Intentó acercarse, tal vez sus sospechas eran ciertas y podría preguntarle cómo entrar a la plataforma, sin embargo la mujer estaba demasiado ensimismada en lo que estaba buscando, como para notar a la pequeña. "Tiene que ser realmente importante lo que perdió", pensó Lily.
Sorprendentemente, como salido de la nada, un niño de cabello alborotado y anteojos, llegó corriendo y chocó contra Lily, cayendo sobre ella. Ambos impactaron contra el suelo del andén golpeándose fuertemente con la fría piedra.
La mujer de pelo rojo, se acercó de inmediato levantó de un manotazo al chico y comenzó a regañarlo. Lily entendió que él era lo que se había perdido, no por accidente, claro estaba, y seguramente la mujer era su madre o algo así.
- ¡¡… Y ahora ve y discúlpate con la niña!!- gritó finalmente la mujer.
- ¡¡Pero mamá!! – protestó el niño.
- Nada de peros James Potter. ¡¡A-ho-ra!!- el chico bufó por lo bajo, pero sonrió inocentemente a su madre cuando ella le dedicó una mirada asesina.
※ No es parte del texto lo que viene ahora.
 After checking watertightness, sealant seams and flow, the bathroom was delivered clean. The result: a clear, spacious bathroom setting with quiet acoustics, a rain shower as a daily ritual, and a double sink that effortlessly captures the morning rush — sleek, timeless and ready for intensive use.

Lily aún estaba sentada, tratando con todas sus fuerzas ponerse de pie y salir de ahí, cuando el chico se acercó y le tendió una mano. "Lo siento", susurró entre dientes, se notaba que no era del tipo de chico que pedía perdón por algo. La pequeña le lanzó una mirada altiva, pero se aceptó su ayuda sin reclamos. "No te preocupes", masculló una vez en pie, con una sonrisa irónica.
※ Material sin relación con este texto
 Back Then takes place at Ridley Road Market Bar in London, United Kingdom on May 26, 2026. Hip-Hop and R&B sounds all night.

- Dorea Potter, mucho gusto, pequeña.- se presentó la madre del chico con una sonrisa bondadosa.- Él es mi hijo James. ¿Buscabas la plataforma 9¾ ?
- Sii¿Cómo lo supo?
- Porque es una bruja…- susurró con malicia el chico. Ambas le dedicaron una mirada mordaz por su comentario, y lo pasaron por alto deliberadamente.
- ¿Cómo te llamas?- preguntó la Sra. Potter
- Lily Evans, mucho gusto- respondió la chica cordialmente.
- Bien Lily, James también va a Hogwarts. Será mejor que se den prisa o perderá el tren.- Era increíble lo adorable que podía parecer con ella, aún después de haberle gritado tanto a su hijo.- Ya sabes lo que tienes que hacer, ayuda a Lily.
- Ok…- El chico de las gafas beso a su madre por última vez y empujó su baúl hasta la pared entre las plataformas 9 y 10.- ¡Hey, pelirroja¿Qué piensas quedarte ahí?- añadió dirigiéndose a Lily.
- Bueno, gracias por todo- dijo la chica a modo de despedida sonriendo a la Sra Potter. De alguna forma, sospechaba que volverían a encontrarse, aunque tal vez, no en las mismas circunstancias.
Pensando en esto se acercó a la pared, nerviosa por no saber que le esperaba al dar el siguiente paso. Nada que fuera fácil, eso era lo único seguro.
La figura de la mujer comenzaba a desaparecer de su vista, y su último sonriente adiós la despertó, antes de que James la tomara de la mano y atravesaran juntos la pared a un nuevo mundo.